-- Activity --
Each line below from the line with "I kvällens kopp" to the line with "検便➖ フィラリア➖ |" must be copied exactly, including those two, and no picture may appear in the copy.

-- Material provided --
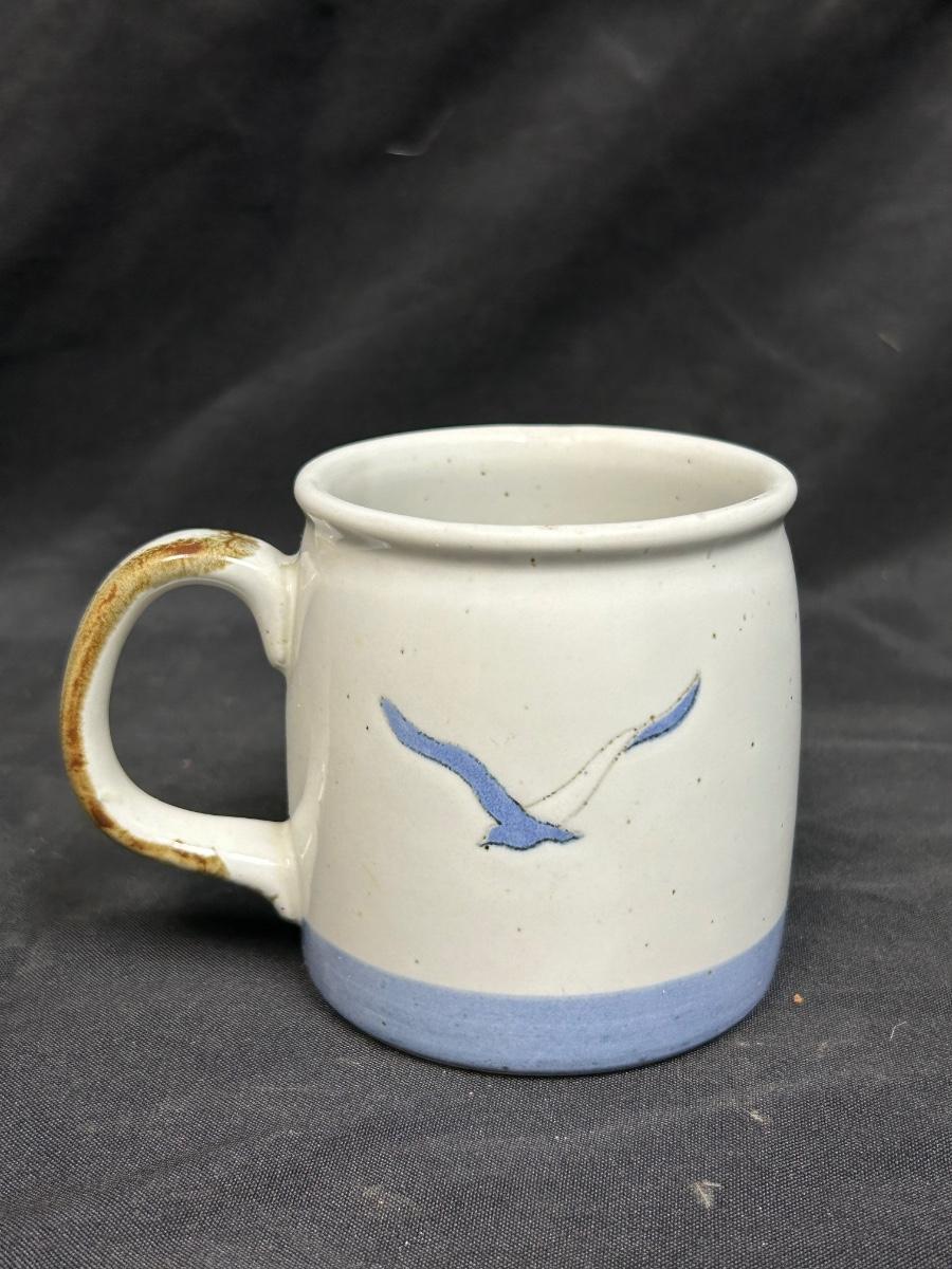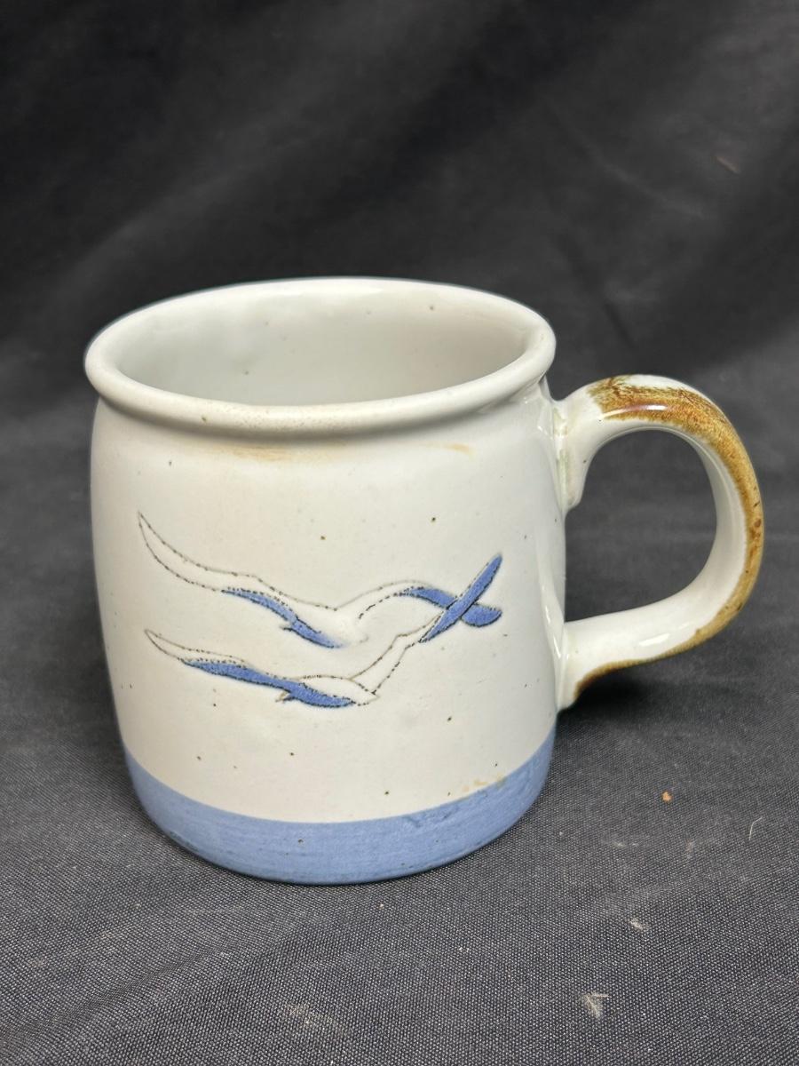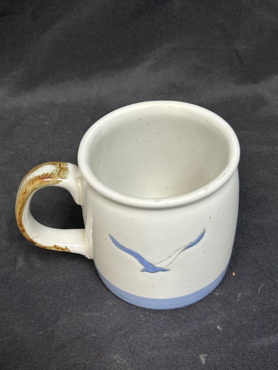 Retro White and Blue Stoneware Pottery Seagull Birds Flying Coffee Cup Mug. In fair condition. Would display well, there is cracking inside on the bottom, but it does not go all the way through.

* * *

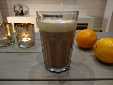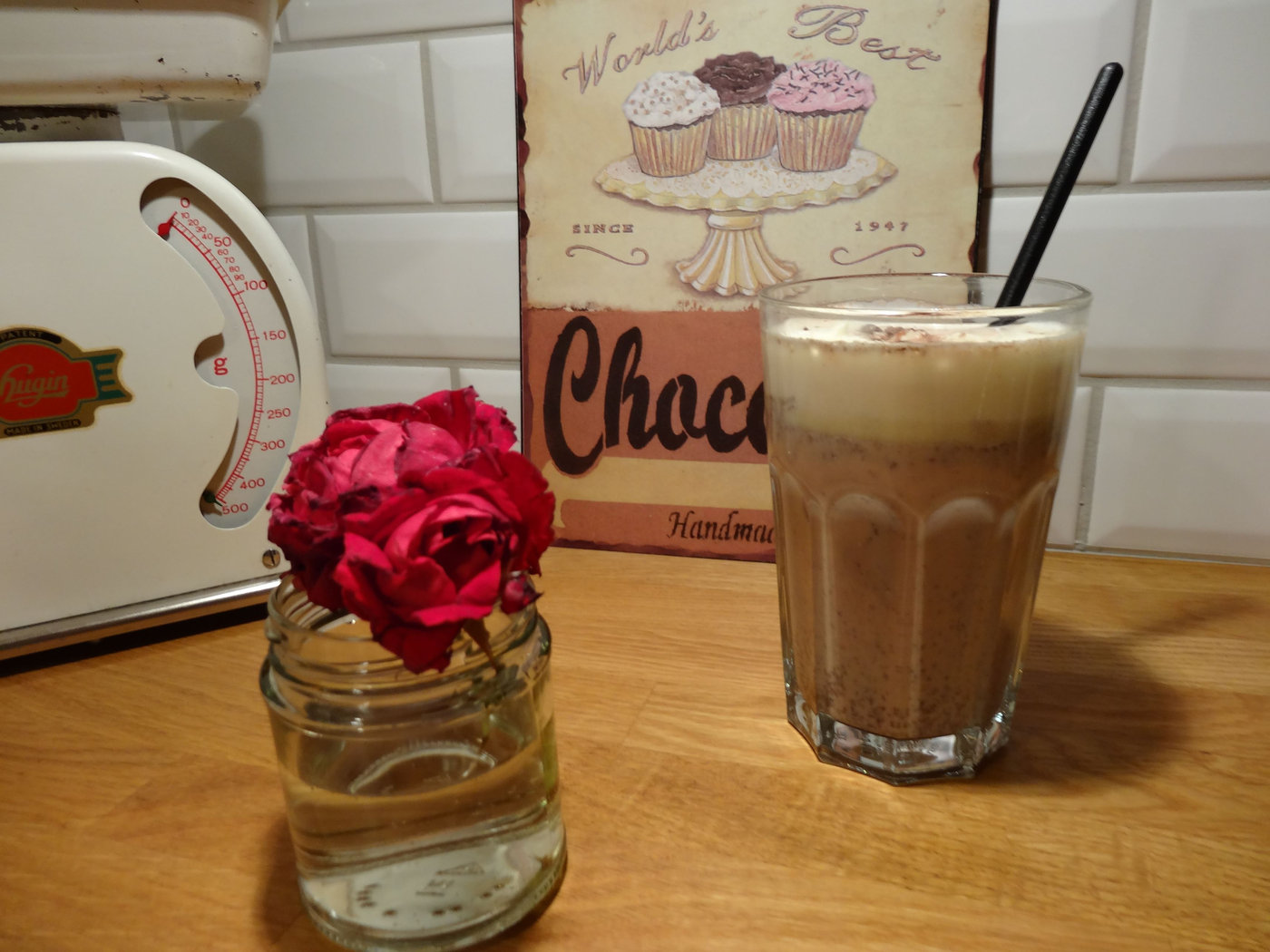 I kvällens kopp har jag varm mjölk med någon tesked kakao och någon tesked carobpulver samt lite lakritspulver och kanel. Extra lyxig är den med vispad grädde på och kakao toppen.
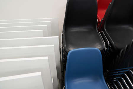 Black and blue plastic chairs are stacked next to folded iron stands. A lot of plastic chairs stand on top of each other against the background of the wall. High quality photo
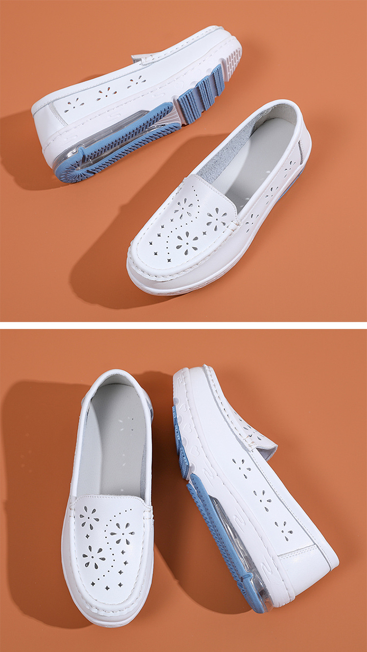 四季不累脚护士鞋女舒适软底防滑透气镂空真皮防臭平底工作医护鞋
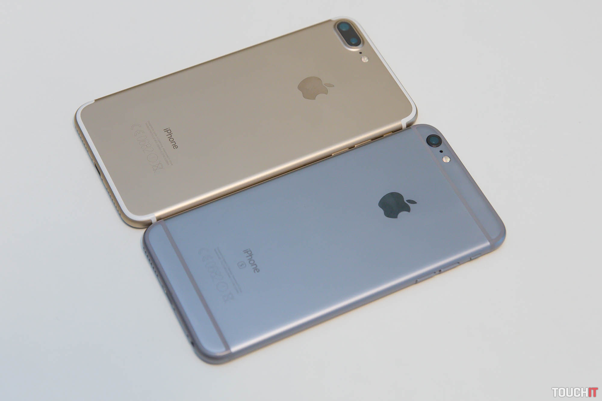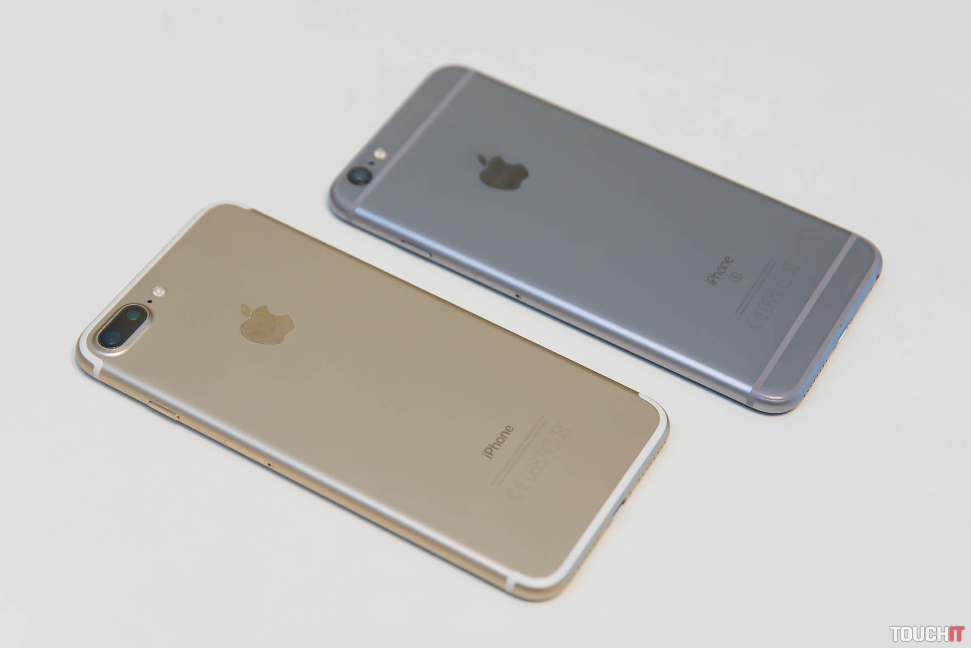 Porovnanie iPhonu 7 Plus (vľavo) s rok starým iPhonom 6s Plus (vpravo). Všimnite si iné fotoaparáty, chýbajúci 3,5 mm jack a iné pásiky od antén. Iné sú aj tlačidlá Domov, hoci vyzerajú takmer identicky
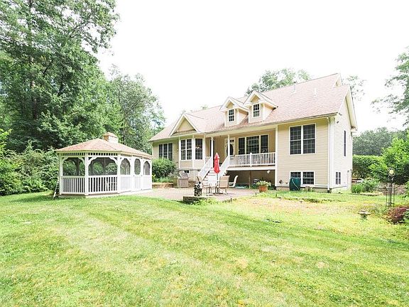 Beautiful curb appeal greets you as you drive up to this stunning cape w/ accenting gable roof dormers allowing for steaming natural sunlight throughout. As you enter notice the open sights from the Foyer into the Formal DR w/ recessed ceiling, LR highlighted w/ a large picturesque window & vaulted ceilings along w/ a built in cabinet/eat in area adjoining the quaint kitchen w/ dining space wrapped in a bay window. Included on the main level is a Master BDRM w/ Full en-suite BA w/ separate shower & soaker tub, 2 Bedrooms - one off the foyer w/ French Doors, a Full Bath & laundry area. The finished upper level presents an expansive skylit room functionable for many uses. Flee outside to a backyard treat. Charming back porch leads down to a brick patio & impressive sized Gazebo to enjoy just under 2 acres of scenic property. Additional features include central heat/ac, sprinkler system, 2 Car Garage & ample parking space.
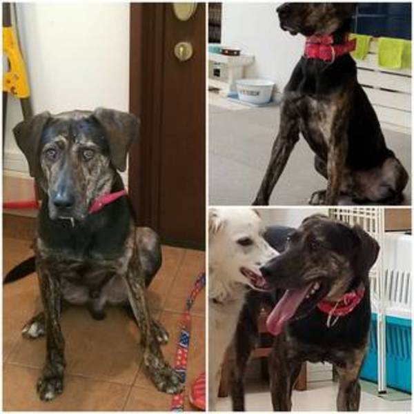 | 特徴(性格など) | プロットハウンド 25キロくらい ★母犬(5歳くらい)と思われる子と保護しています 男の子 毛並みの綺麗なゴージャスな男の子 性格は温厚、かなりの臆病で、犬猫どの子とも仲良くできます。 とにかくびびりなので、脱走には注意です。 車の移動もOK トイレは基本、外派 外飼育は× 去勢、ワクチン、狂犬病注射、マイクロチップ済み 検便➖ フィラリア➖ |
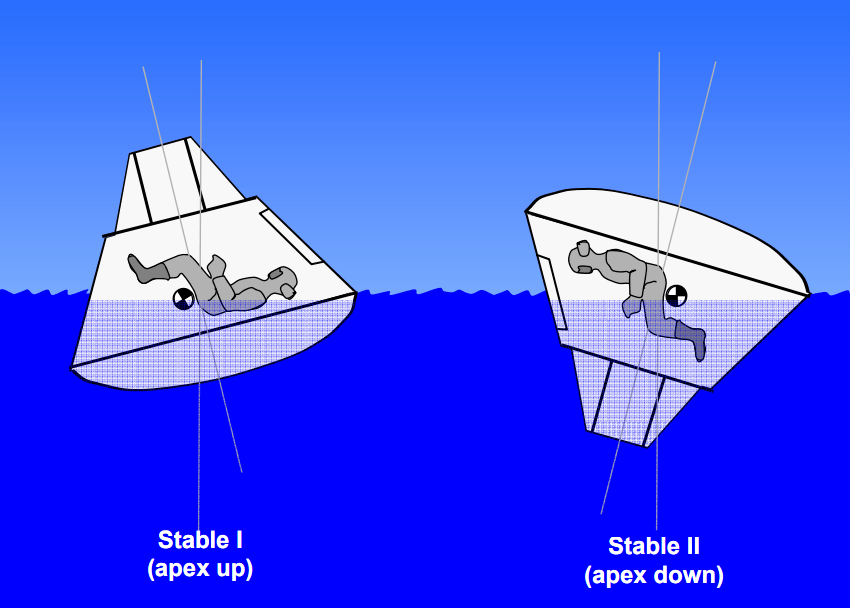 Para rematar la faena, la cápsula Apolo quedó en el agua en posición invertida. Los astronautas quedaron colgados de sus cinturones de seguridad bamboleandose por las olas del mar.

-- Solution --
 I kvällens kopp har jag varm mjölk med någon tesked kakao och någon tesked carobpulver samt lite lakritspulver och kanel. Extra lyxig är den med vispad grädde på och kakao toppen.
 Black and blue plastic chairs are stacked next to folded iron stands. A lot of plastic chairs stand on top of each other against the background of the wall. High quality photo
 四季不累脚护士鞋女舒适软底防滑透气镂空真皮防臭平底工作医护鞋
 Porovnanie iPhonu 7 Plus (vľavo) s rok starým iPhonom 6s Plus (vpravo). Všimnite si iné fotoaparáty, chýbajúci 3,5 mm jack a iné pásiky od antén. Iné sú aj tlačidlá Domov, hoci vyzerajú takmer identicky
 Beautiful curb appeal greets you as you drive up to this stunning cape w/ accenting gable roof dormers allowing for steaming natural sunlight throughout. As you enter notice the open sights from the Foyer into the Formal DR w/ recessed ceiling, LR highlighted w/ a large picturesque window & vaulted ceilings along w/ a built in cabinet/eat in area adjoining the quaint kitchen w/ dining space wrapped in a bay window. Included on the main level is a Master BDRM w/ Full en-suite BA w/ separate shower & soaker tub, 2 Bedrooms - one off the foyer w/ French Doors, a Full Bath & laundry area. The finished upper level presents an expansive skylit room functionable for many uses. Flee outside to a backyard treat. Charming back porch leads down to a brick patio & impressive sized Gazebo to enjoy just under 2 acres of scenic property. Additional features include central heat/ac, sprinkler system, 2 Car Garage & ample parking space.
 | 特徴(性格など) | プロットハウンド 25キロくらい ★母犬(5歳くらい)と思われる子と保護しています 男の子 毛並みの綺麗なゴージャスな男の子 性格は温厚、かなりの臆病で、犬猫どの子とも仲良くできます。 とにかくびびりなので、脱走には注意です。 車の移動もOK トイレは基本、外派 外飼育は× 去勢、ワクチン、狂犬病注射、マイクロチップ済み 検便➖ フィラリア➖ |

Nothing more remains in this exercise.